🤖 AI Summary
Existing causal Transformer language models are constrained by strictly sequential decoding and quadratic attention complexity, while linear-time causal architectures struggle to effectively integrate with discrete diffusion mechanisms. This work proposes the Triadic Block Layout, which for the first time enables parallel bidirectional discrete diffusion within the RWKV architecture while preserving O(L) inference complexity, thereby resolving the fundamental conflict between causal generation and diffusion directionality. Built upon this framework, the B³D-RWKV-7.2B model achieves accuracy comparable to state-of-the-art models across eight benchmark tasks and demonstrates an average decoding throughput improvement of 1.6×.
📝 Abstract
Causal Transformer language models suffer from strictly sequential decoding and a quadratic per-step attention cost.

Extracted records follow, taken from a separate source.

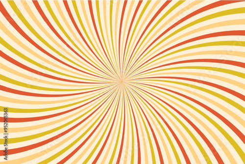 © VektroGFX, Fototapeta premium Swirling radial ice cream background. Orange groovy vortex spiral twirl. Twirl sunburst psychedelic pattern. Orange lollipop texture. Swirl candy background. Vector illustration
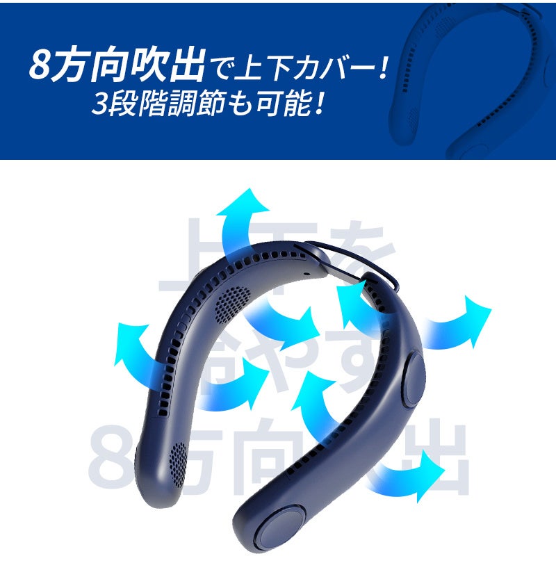 8ヶ所の吹出口で快適!この夏の必需品!【折り畳み式ネック扇風機】
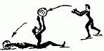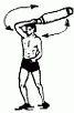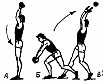 474. Броски одной рукой с замахом над головой из положения натянутого лука легких предметов (ядер, камней, гантелей- 1-4 кг).
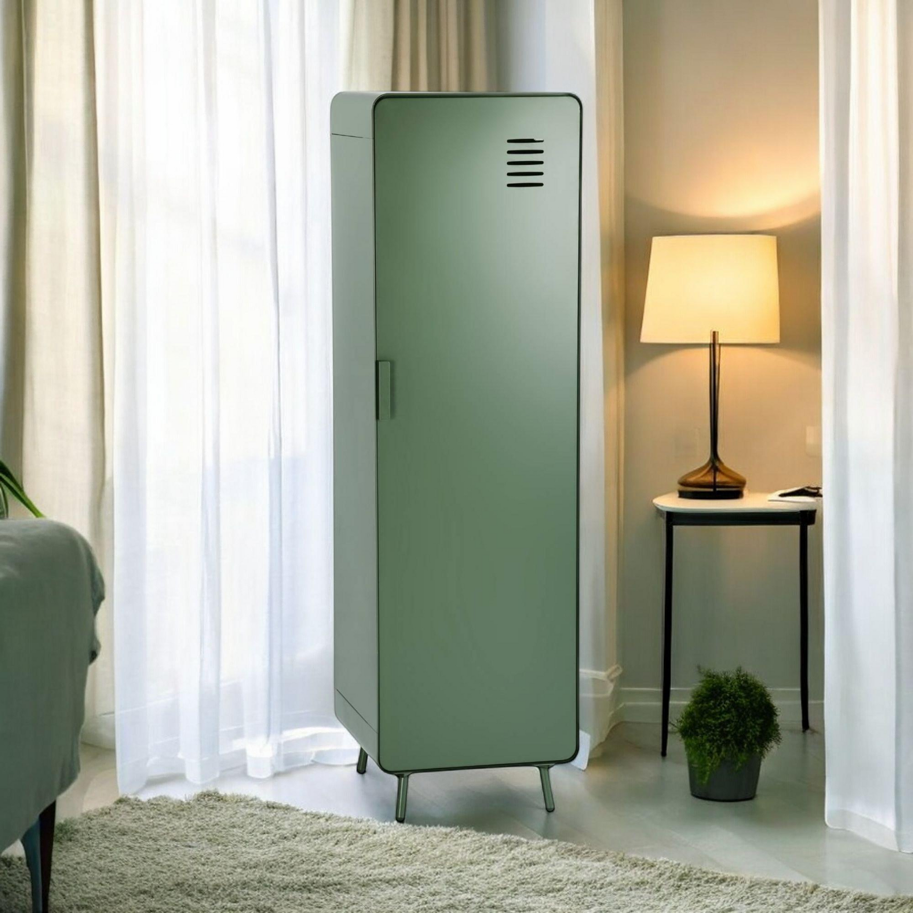 - Belüftete Tür für optimale Luftzirkulation: Die einzelne Metalltür verfügt über sauber geschnittene Belüftungsschlitze für eine verbesserte Luftzirkulation, wodurch Gerüche und Feuchtigkeitsansammlungen reduziert werden.
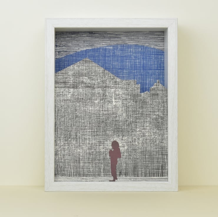 This picture is made up of three panels arranged in two layers within a shadow frame. In the front we see the cut-out silhouette of a mother carrying an infant in a sling and looking down at her. If you look closely you can see a printed woven pattern on her, too.
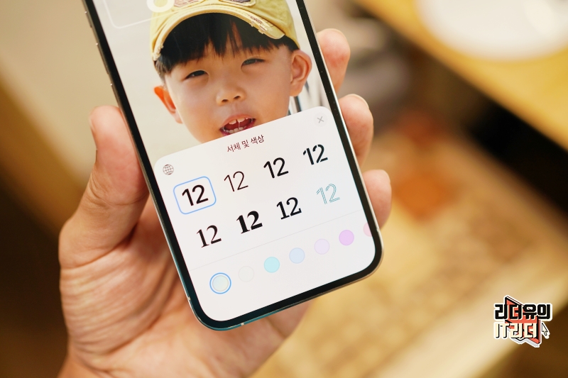 그리고 서체 및 색상 지정도 가능합니다. 8가지 서체와 다양한 색상 및 농도까지 설정 가능해 개성있는 아이폰 잠금 화면을 꾸밀 수 있습니다.
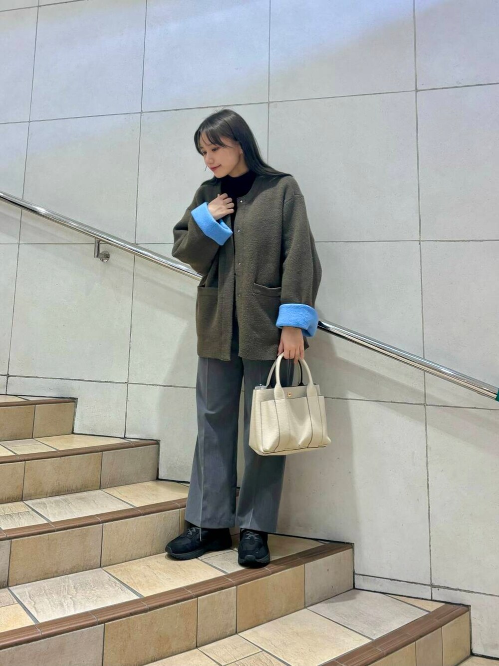 ストレートパンツはウエストがゴムになっていて履きやすいです!
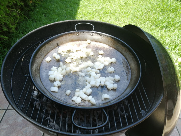 Colocamos la paellera o paella en la rejilla de la BBQ, le añadimos un chorrito de aceite de oliva virgen extra.
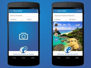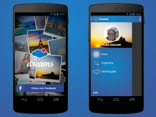 O documento descreve o lançamento do aplicativo 'Dreams', disponível para iOS, Android e Windows Phone, permitindo que usuários compartilhem e realizem sonhos de consumo e experiências. Oferece privacidade nos sonhos e recursos de interação, como posting de status e fotos, além de um modelo de negócios que envolve empresas sugerindo produtos. O desenvolvimento foi realizado por uma equipe específica, com detalhes sobre os responsáveis e investidores.
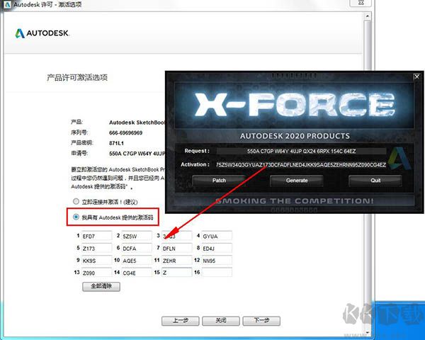 12、選擇激活方式嗎,選擇我有激活碼,將注冊機(jī)中生成的激活碼復(fù)制到激活界面,點擊下一步即可激活。
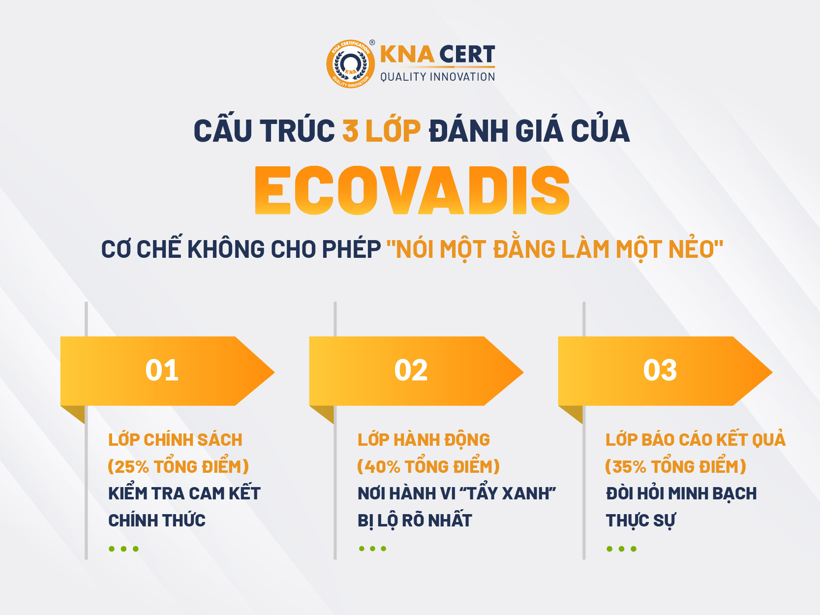 Hệ thống tính điểm EcoVadis được thiết kế theo cấu trúc 3 lớp chặt chẽ, mỗi lớp đánh giá một khía cạnh khác nhau của cam kết bền vững. Chính cấu trúc này ngăn chặn hiệu quả các hình thức Greenwashing tinh vi nhất.

While linear-time causal models and discrete diffusion models each address these weaknesses, their integration remains inherently inconsistent: diffusion requires bidirectional attention, while causal models are unidirectional. To unify these architectures, we propose $B^3D-RWKV$, a diffusion RWKV variant that integrates the model's $O(L)$ inference efficiency with parallel, bidirectional discrete-diffusion through a \emph{triplet-block layout} method. $B^3D-RWKV-7.2B$ reaches comparable accuracy on an 8-task suite versus existing models while significantly outperforming baselines in decoding throughput with an average of $\mathbf{1.6\times}$ speedup.